DATASET SECTION Block Start
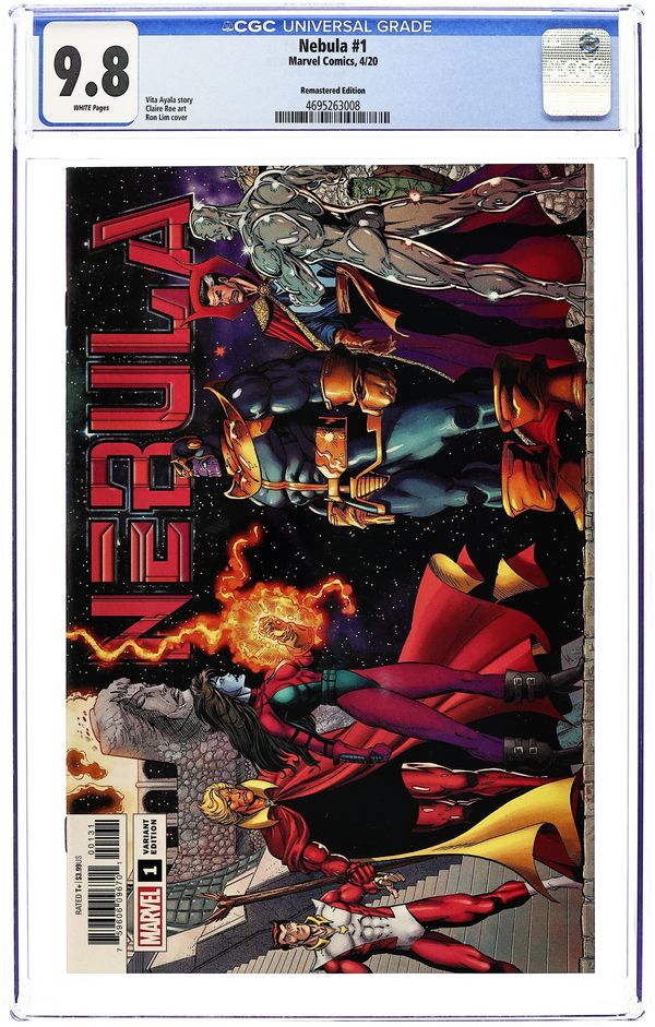 Limited 1 for 100 Retailer Incentive Variant Cover. Written by Vita Ayala. Art by Claire Roe. Cover by Ron Lim. Nebula has grown under the shadows of Thanos and Gamora, but no longer! With her eyes set on a top-secret device, Nebula has big plans for her future-and she's not about to let anyone get in her way! But her goal may end up costing her more than she's willing to pay after a showdown with one of the cosmos most feared bounty hunters….Don't miss out on this cosmically critical series launch from rising stars, Vita Ayala (PRISONER X) and Claire Roe (FEARLESS)! 28 pages, full color. Rated T+ Cover price $3.99.
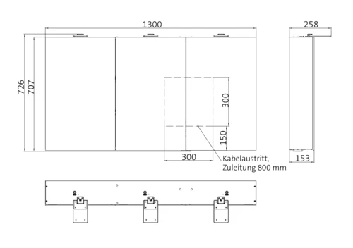- 1300 x 726 x 258 mm
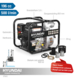 Bien que cette pompe ne soit pas adaptée à l'eau de mer ou aux produits chimiques, elle peut traiter des particules jusqu'à 7 mm de diamètre. Elle offre une hauteur d'aspiration de 7 m et une hauteur totale de refoulement de 23 mètres. Pesant seulement 29 kg, cette pompe est légère et facile à transporter et à stocker. Son châssis en aluminium robuste et ouvert la protège des chocs et des impacts, tout en servant de poignée pratique.
DATASET SECTION Block End
§ **PROBLEM TO SOLVE**
Only text belongs in the copy: repeat each line of the data exactly and leave out the pictures.

§ **THE COMPLETED TASK**
 Limited 1 for 100 Retailer Incentive Variant Cover. Written by Vita Ayala. Art by Claire Roe. Cover by Ron Lim. Nebula has grown under the shadows of Thanos and Gamora, but no longer! With her eyes set on a top-secret device, Nebula has big plans for her future-and she's not about to let anyone get in her way! But her goal may end up costing her more than she's willing to pay after a showdown with one of the cosmos most feared bounty hunters….Don't miss out on this cosmically critical series launch from rising stars, Vita Ayala (PRISONER X) and Claire Roe (FEARLESS)! 28 pages, full color. Rated T+ Cover price $3.99.
- 1300 x 726 x 258 mm
 Bien que cette pompe ne soit pas adaptée à l'eau de mer ou aux produits chimiques, elle peut traiter des particules jusqu'à 7 mm de diamètre. Elle offre une hauteur d'aspiration de 7 m et une hauteur totale de refoulement de 23 mètres. Pesant seulement 29 kg, cette pompe est légère et facile à transporter et à stocker. Son châssis en aluminium robuste et ouvert la protège des chocs et des impacts, tout en servant de poignée pratique.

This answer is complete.